Now there is a myriad of service applications that one can leverage on the new farm. It is best to review your governance and the purpose of building SharePoint to determine which service applications you would like to install. These service applications is also dependent on which version of SharePoint you are running, either the free version (Foundation) or the two licenses ones (Standard or Enterprise).

*No longer available as its separate service application, but rather it has merged within SharePoint 2013 Search Service Application

So with so many choices how do we determine which one to build first? It really depends on the business solution that your organization would like to resolve first. As politically correct that answer is, it is truly the right one. But if was up to me, I would first build State Service Application. Some features as well as some other service applications depends on State being implemented. My close second is Search…I can’t think of any organization that wouldn’t want search available. And if properly scoped, Search can definitely add lots of value to an organization. The rest of these service applications, I would let the business drivers dictate when they are needed.

Loopback

There are times, during search, that I encounter weird and out of the place errors. The issue seems to be always loopback. Because I would rather be proactive than reactive, I would fix the loopback issue during the farm build. What is loopback? This is a security fix that Microsoft introduced awhile back. It prevents users to open up web applications within the server that is hosting the web application. Unfortunately, this security fix also affects SharePoint and causes more problems; breaking several SharePoint functions.

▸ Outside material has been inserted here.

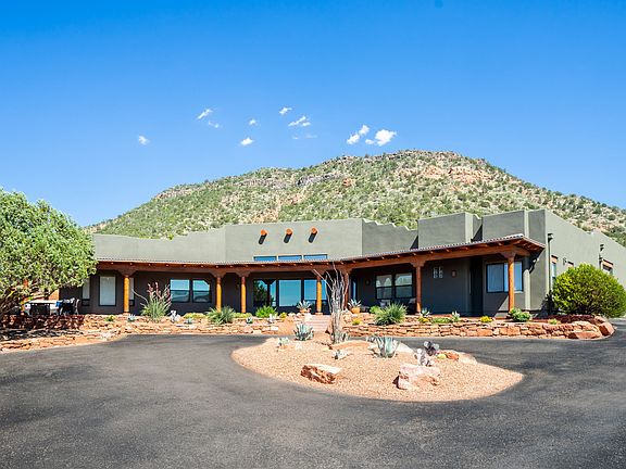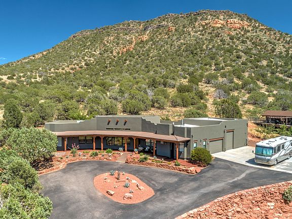 Immaculate, custom, 4 bdrm., 3 1/2 bath home on 1.93 acres backing to National Forest, with VIEWS of Sedona Golf Resort, Castle Rock, Bell Rock and more. This home shows tremendous pride of ownership and is move-in ready. Parking for RV with onsite pump out, horse facilities with riding arena, covered stalls, wash rack, hay barn/tack room. Very private but close to town for shopping, golf, restaurants, ice cream, gyms, hiking/biking, etc. Home shows tremendous pride of ownership. Office with built ins, drafting table, Media Room, lots of indoor and outdoor entertaining space, Custom Juniper on mantel piece and art niche, with mossy rock fireplace in great room, Mombassa granite w rough edge in commercial grade kitchen. Huge 1600 + sq. ft. garage/shop with RV door.

There are two ways of truly fixing this problem, either disable the loopback or create exemptions. The most popular that I have seen was the former than the latter, although it is not considered best practice. I have done both fixes and prefer the latter than the former. Microsoft has provided us a link to fix the issue.

http://support.microsoft.com/kb/896861

Conclusion:

This is my “cheat sheet” on how I would start building out a farm environment. Of course, each administrator can create their own, but I thought put thoughts into paper would be helpful to other administrators.